→ TASK
Omit the pictures and retype only the lines from the one containing "大廈建於1985年,新耐震基" through the end of the listing, both ends included.

→ RECORDS FOR THE TASK
>>>>>

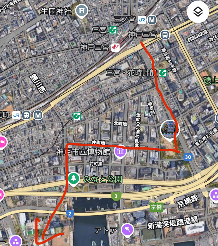 このルートはJR三ノ宮からスタートし、南にまっすぐ下り、今回紹介はしませんでしたが「東遊園地」でゆっくりした後そのまま旧居留地へ向かい、メリケンパークまで簡単な道のりで、多くの観光スポットを巡ることができるので非常におすすめです!また、ショッピングを楽しみたい方は南に下る途中で三ノ宮センター街に入りそのまま西に歩けば元町商店街や南京町に向かうこともできるのでおすすめです!
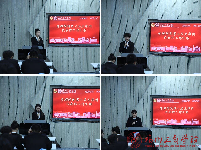 大会第二项,由第三届主席团团委副书记吴雅丽同学、学生会副主席戴高乐同学、信息宣传中心主任苏文琪同学、自律会主任郑锦灏同学以及艺术团团长邱晓春同学作2024-2025年度工作总结汇报,五位学生干部从紧扣时代主题,强化思想引领;聚焦学生需求,深化服务内涵;优化工作机制,提升工作效能三个方面进行汇报,展望新学年,他们共同表示,在学院推进高质量发展的关键时期,团学组织将继续同心协力、砥砺前行,以更加昂扬的斗志和更加务实的作风,全面提升团学工作水平。他们一致认为,学生干部应当永葆初心、勇担使命,以真诚服务彰显价值,用实干奉献书写青春,努力展现新时代青年干部的蓬勃朝气与责任担当。
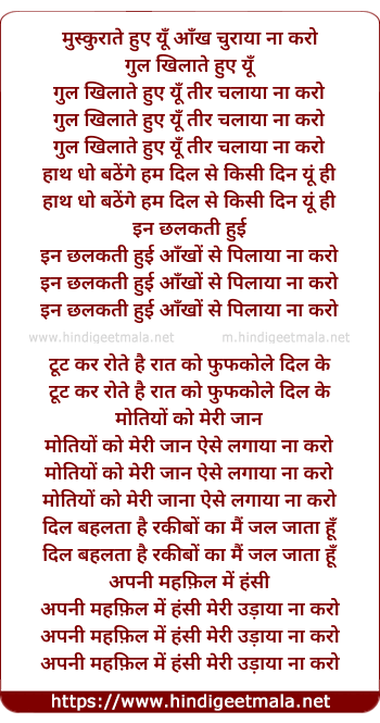 Lyrics of Muskurate Hue Yu - मुस्कुराते हुए यूँ
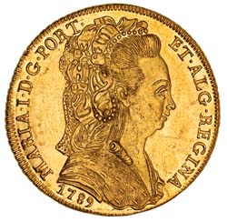 PORTUGAL, Mary I, gold 6,400 or half Johanna, 1789 (KM.299). Nearly uncirculated.
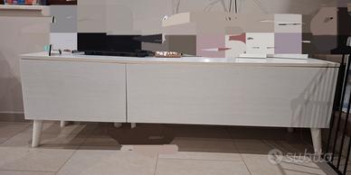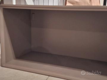 Mobile soggiorno bianco frassino e fango opaco diviso in una parte superiore e una bassa
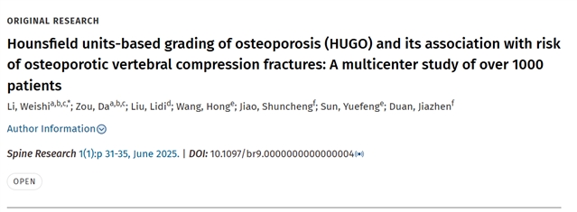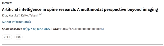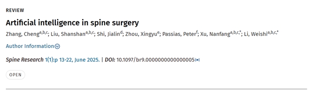 Spine Research 期刊于2025年6月正式创刊!首期聚焦人工智能在脊柱领域的发展,共收录6篇文章,包含2篇社论(Editorial),3篇综述(Review),1篇研究论文(Research Article)。全部文章均为开放获取(Open Access),供全球读者免费阅读!欢迎登录期刊主页,浏览期刊全文:https://journals.lww.com/spres/pages/issuelist.aspx
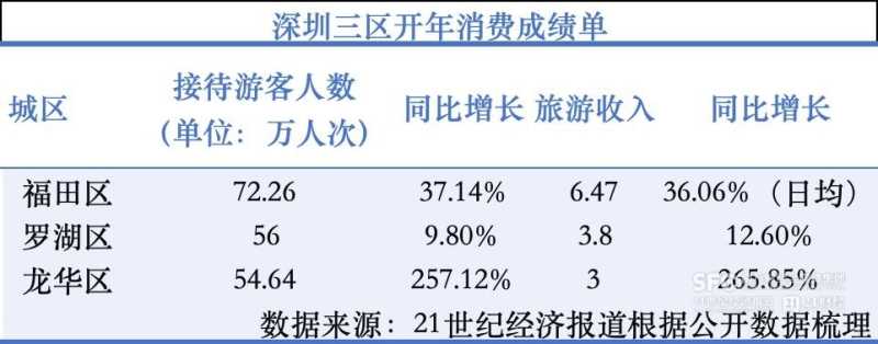 其中,福田区作为广东消费第一区,元旦三天接待游客总计72.26万人次,日均同比增长37.14%,实现旅游总收入6.47亿元,日均同比增长36.06%,同时各商圈总人流量475.32万人次,同比增长26%销售额3.87亿元同比增长17%;罗湖区喜迎游客超56万人次,同比增长9.8%,旅游收入近3.8亿元,同比增长12.6%;宝安区全区线下消费金额约13.73亿元;同比增长35.55%;龙华区累计接待游客54.64万人次,较2025年同比激增257.12%;旅游收入突破3亿元,同比涨幅高达265.85%,游客接待量与旅游收入均创下同期新高。
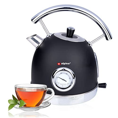 Alpina Kettle - Retro - 1.8 L - Integrated Thermostat - Boil Dry Protection - Transparent Water Level - Tea Maker - Black - 1850-2200 W
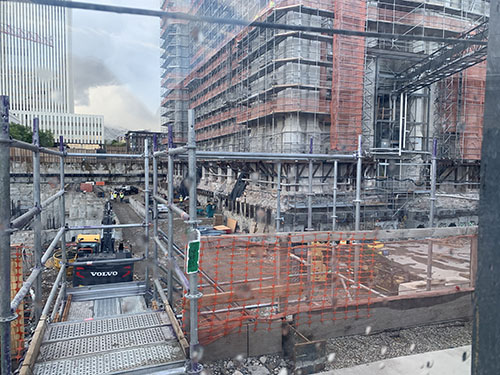 The main street plaza is now closed. Small walkways are provided from the north to the Relief Society building and from the south to the Joseph Smith memorial building. If this lasts through Christmas, there won't be much to "the lights on Temple Square" in 2022.
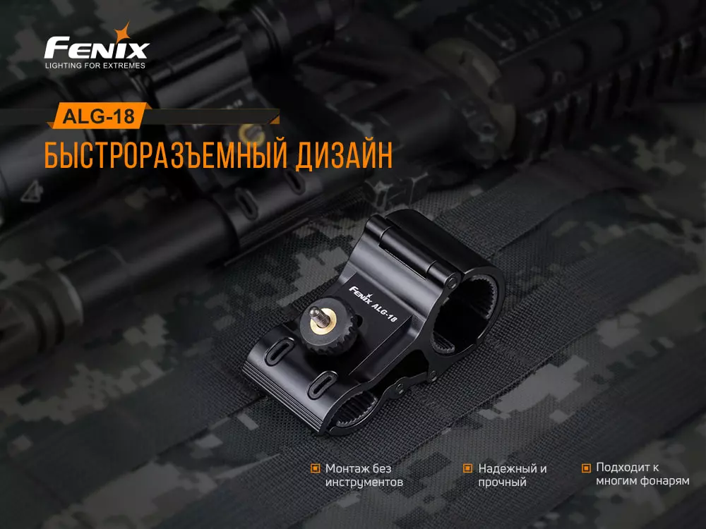 Кріплення можна швидко встановити на ствол зброї і так само швидко його зняти. Воно сумісно зі стволами різного розміру, що робить його більш універсальним і комфортним. На затиску є гумова прокладка, щоб уникнути подряпин і ефективно протистояти зовнішньому впливу, одночасно збільшуючи стабільність. Є антиблікове покриття з матовим чорним покриттям, що оптимально для тактичної маскування. При створенні Fenix ALG-18 застосовували алюмінієвий сплав а6061-Т6 разом з преміальним жорстким анодуванням. Даний матеріал і його обробка поверхні дають стійкість до пошкоджень, підвищують стійкість до зносу кріплення. В результаті воно буде служити довше користувачеві.
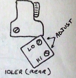 Moving the rear hub selector lever causes the trailing idler arm to move laterally. It must move from the inner gear to the outer, without any extra movement to either side. The limits of this movement set by tow small screws on the idler arm. I’d suggest you don’t tamper with the gears unless the chain is jumping off either sprocket. If the chain shows a tendency to jump off while pedalling, then take the following measures – Raise the rear of the bike so the wheel is clear of the ground. Select the highest gear by the lever, then while standing at the rear of the bike, sight the idler wheels to make sure that they are in a vertical line with the chain sprocket. If this is not the case, slowly turn the screw marked “H” until the idler pulleys and the sprocket line up vertically. Then crank the pedal while changing gears to the lowest gear. If the line-up is not perfect, adjust the “L” screw until it is. (Usually there is very little screw adjustment required – maybe ½ to 2 turns maximum.) Usually that is all that is required.
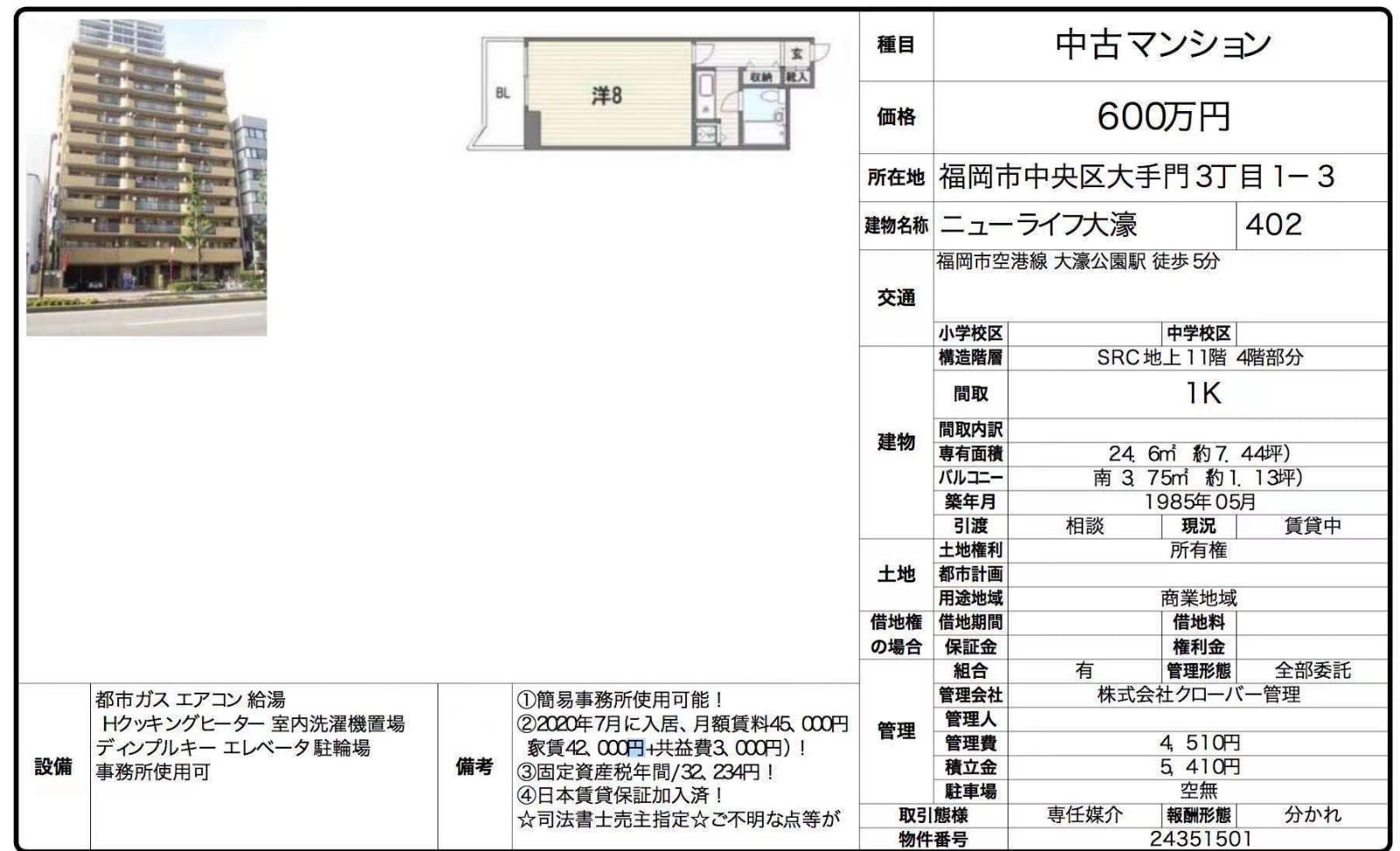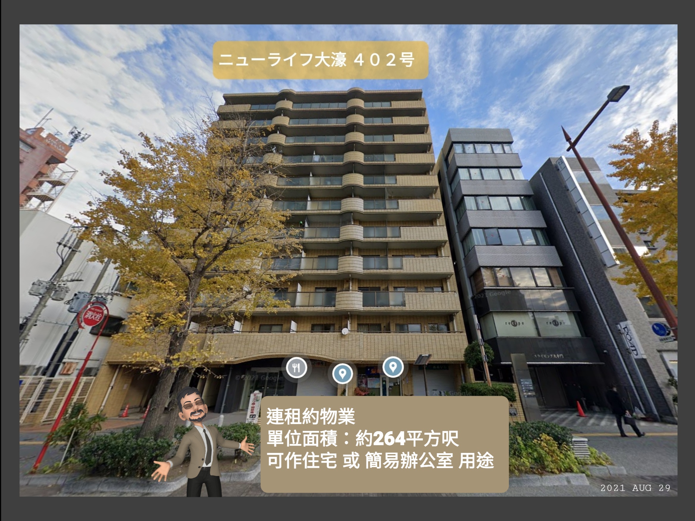 大廈建於1985年,新耐震基準物業,構造物料為SRC,共11層。推薦單位在4樓402號室,面積約264平方呎,比同類型的物業面積大,露台面積亦有約40平方呎。物業除了可做住宅外,亦可作簡易事務所使用,投資價值看高1線。
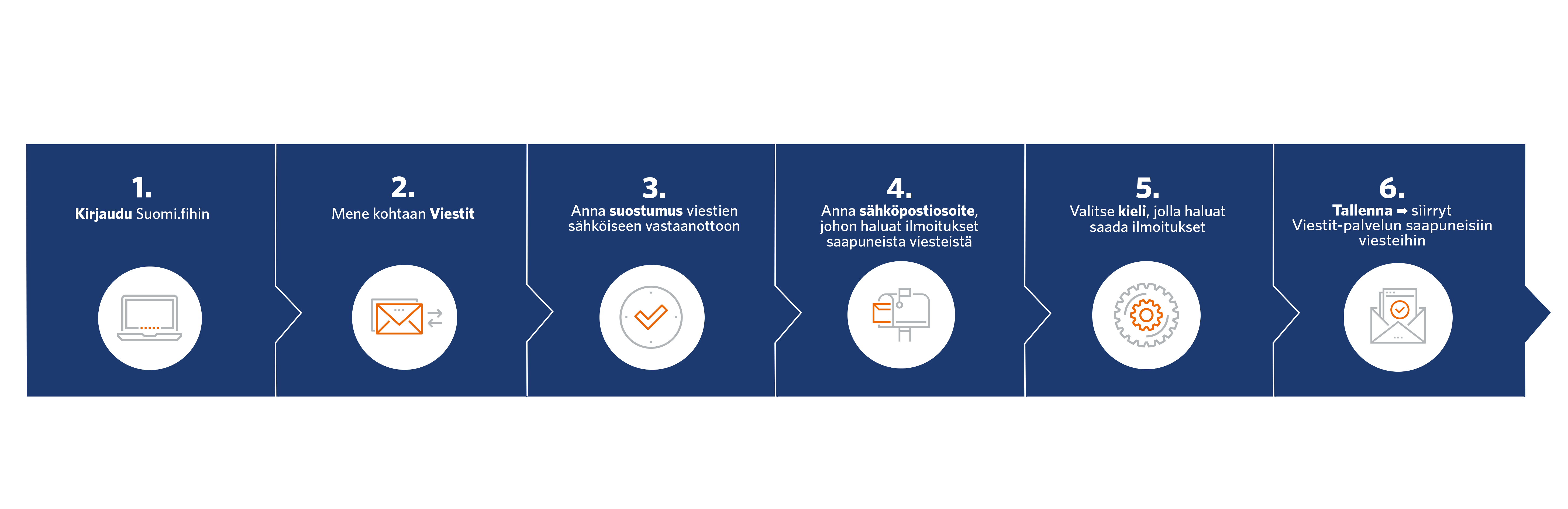 - Suomi.fi-sovellus ja sähköposti-ilmoitukset verkkopalvelusta auttavat huomaamaan viestit heti.
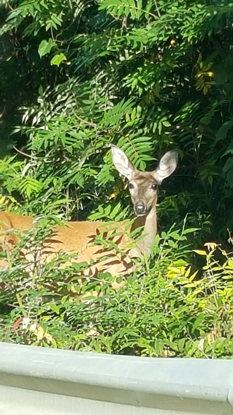 Driving, midmorning, into the village of Morristown, NY via Chapman street, saw deer browsing just the other side of guard rail. She stood there for many minutes checking us out, giving ample opportunity to snap photos.

<<<<<

→ RESPONSE FOR THIS EXERCISE
 大廈建於1985年,新耐震基準物業,構造物料為SRC,共11層。推薦單位在4樓402號室,面積約264平方呎,比同類型的物業面積大,露台面積亦有約40平方呎。物業除了可做住宅外,亦可作簡易事務所使用,投資價值看高1線。
 - Suomi.fi-sovellus ja sähköposti-ilmoitukset verkkopalvelusta auttavat huomaamaan viestit heti.
 Driving, midmorning, into the village of Morristown, NY via Chapman street, saw deer browsing just the other side of guard rail. She stood there for many minutes checking us out, giving ample opportunity to snap photos.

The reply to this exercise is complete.